You could special-case the technique for each type of event you want to handle, creating an overload for each type of EventHandler. Perhaps a nicer solution is to use the adapter pattern:

// ...
var eventAsserter = new EventAsserter<PropertyChangedEventArgs>(
                handler => new PropertyChangedEventAdapter(eventRaiser).PropertyChanged += handler);
// ...

public class PropertyChangedEventAdapter
{
        public event EventHandler<PropertyChangedEventArgs> PropertyChanged;

        public PropertyChangedEventAdapter(INotifyPropertyChanged source)
        {
            source.PropertyChanged += HandleEvent;
        }

        private void HandleEvent(object sender, PropertyChangedEventArgs e)
        {
            var handler = PropertyChanged;
            if (handler != null)
            {
                handler(sender, e);
            }
        }
}

Or, you could consider this solution below: it's less elegant, and encapsulation takes a bit of a beating, but workable as far as I can see.

using System;
using System.Diagnostics;
using System.ComponentModel;

namespace EventMonitor2
{
    class Program
    {
        static void Main(string[] args)
        {
            var eventRaiser = new EventRaiser();
            var eventAsserter = new EventAsserter<PropertyChangedEventArgs>(
                asserter => eventRaiser.PropertyChanged += asserter.HandleEvent);

            eventRaiser.RaiseEvent();

            eventAsserter.AssertEventOccurred();
        }

        class EventRaiser : INotifyPropertyChanged
        {
            public event PropertyChangedEventHandler PropertyChanged;

            public void RaiseEvent()
            {
                PropertyChanged(this, new PropertyChangedEventArgs(""));
            }
        }

        class EventAsserter<TEventArgs> where TEventArgs : EventArgs
        {
            bool _eventOccurred;

            public EventAsserter(Action<EventAsserter<TEventArgs>> attacher)
            {
                attacher(this);
            }

            public void HandleEvent(object sender, TEventArgs e)
            {
                _eventOccurred = true;
            }

            public void AssertEventOccurred()
            {
                Trace.Assert(_eventOccurred, "Event did not occurr");
            }
        }
    }
}

In this case the EventAsserter has to make its handler public.
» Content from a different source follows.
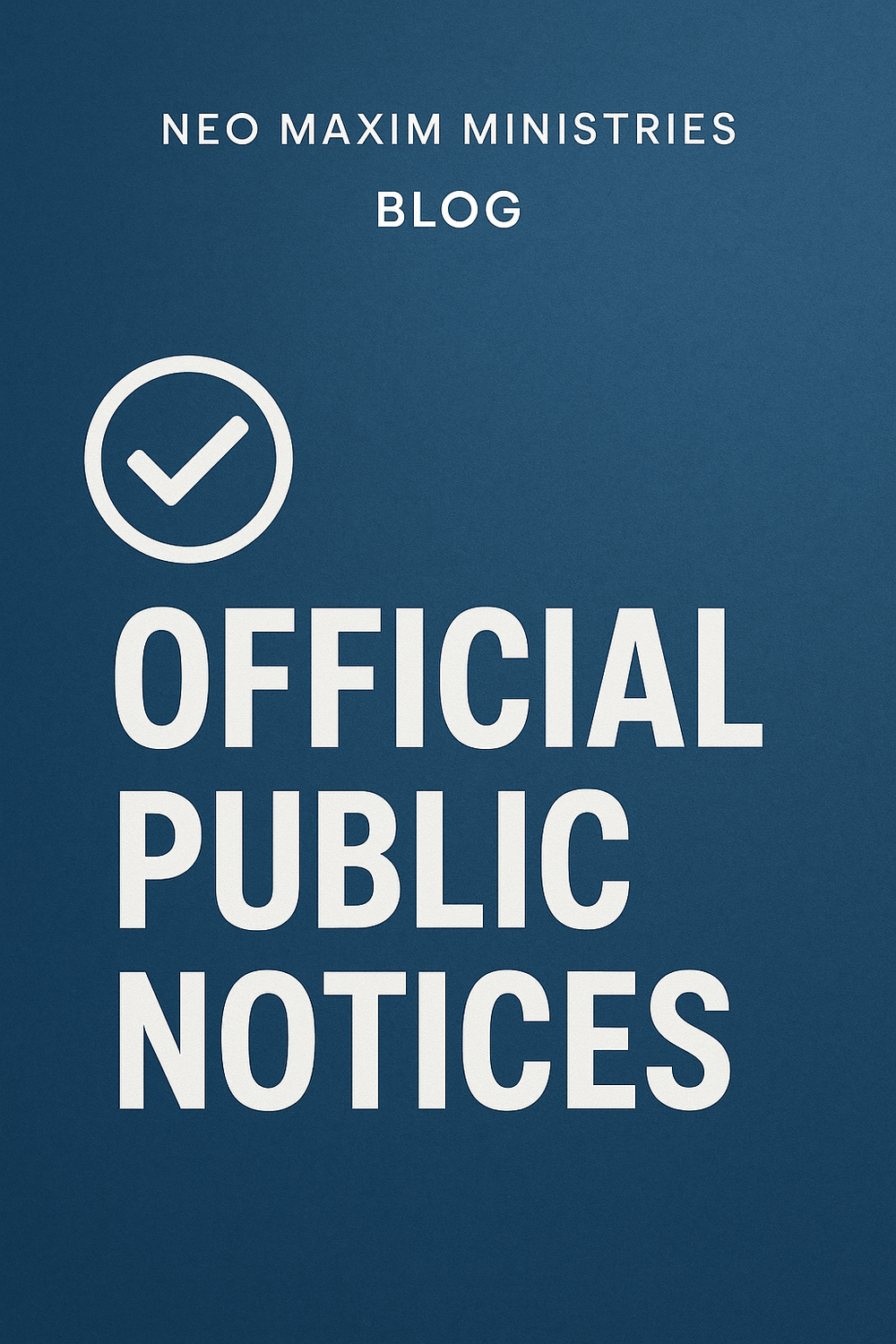 This page serves as the official public notice board for Neo Maxim Ministries, a private ecclesiastical trust operating under the protections of Common Law, the First Amendment, and the private domain of ministry and conscience.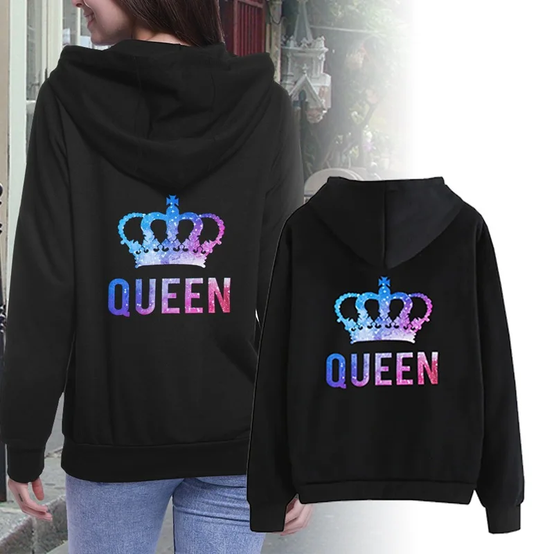 Толстовка с капюшоном для мужчин и женщин, свитшот с принтом Королева Король, одежда для влюбленных, на Рождество, Новый Год, худи для мужчин и женщин

Then in its constructor it passes itself to the attacher delegate. The calling code then needs to know that it has to hook the HandleEvent method to the event that it is interested in. Not pretty, I know; but pragmatic at least. It just goes to show the benefit of using EventHandler<T> over defining your own custom delegates.

What do you think? Can you see yourself making use of this? Any refinements that you can suggest?

Footnotes

1. If you try assigning a delegate to an event within a lambda expression that is converted to an Expression tree you get the error "An expression tree may not contain an assignment operator".